▶ _Input data_
----------------------------------------

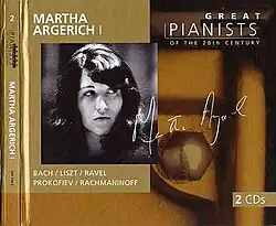 Great Pianists of the 20th Century – Martha Argerich is the second volume of the Great Pianists of the 20th Century box set and is the first of two volumes dedicated to her. The album features music by the composers Johann Sebastian Bach, Franz Liszt, Sergei Prokofiev, Sergei Rachmaninoff, and Maurice Ravel. The works were recorded between 1967 and 1982.
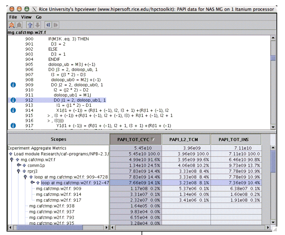 HPCview showing PAPI events gathered from hpcrun for a triply nested loop.
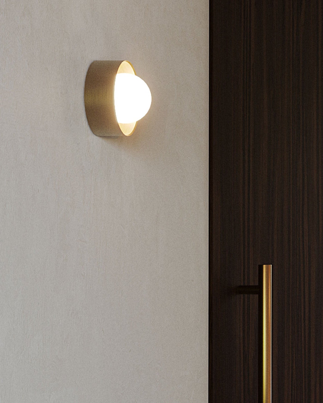 Modern wall light fixture on a neutral wall next to a wooden door.
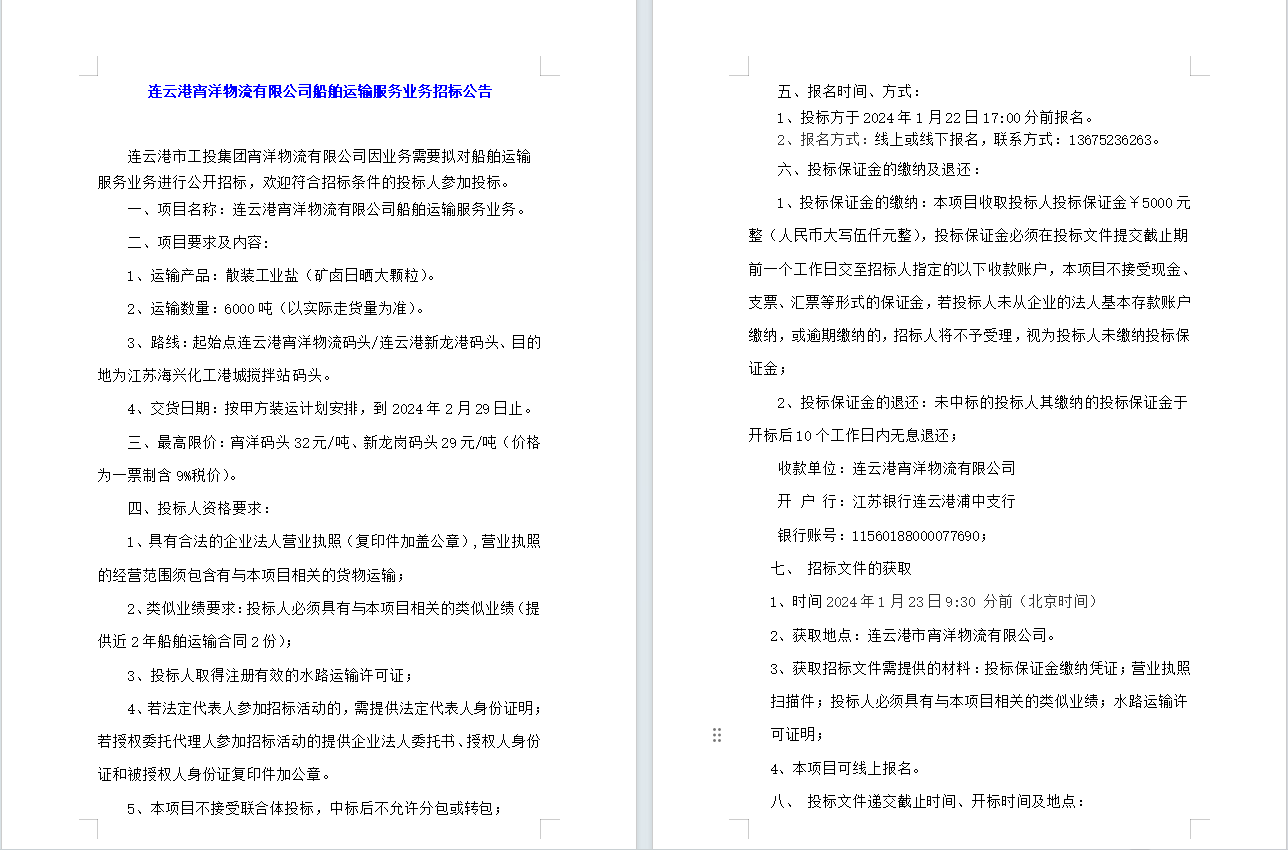 连云港宵洋物流有限公司船舶运输服务业务招标公告

----------------------------------------

▶ _Work required_
Would you restate all of the data above word for word, omitting the pictures?

▶ _Response to the exercise_
 Great Pianists of the 20th Century – Martha Argerich is the second volume of the Great Pianists of the 20th Century box set and is the first of two volumes dedicated to her. The album features music by the composers Johann Sebastian Bach, Franz Liszt, Sergei Prokofiev, Sergei Rachmaninoff, and Maurice Ravel. The works were recorded between 1967 and 1982.
 HPCview showing PAPI events gathered from hpcrun for a triply nested loop.
 Modern wall light fixture on a neutral wall next to a wooden door.
 连云港宵洋物流有限公司船舶运输服务业务招标公告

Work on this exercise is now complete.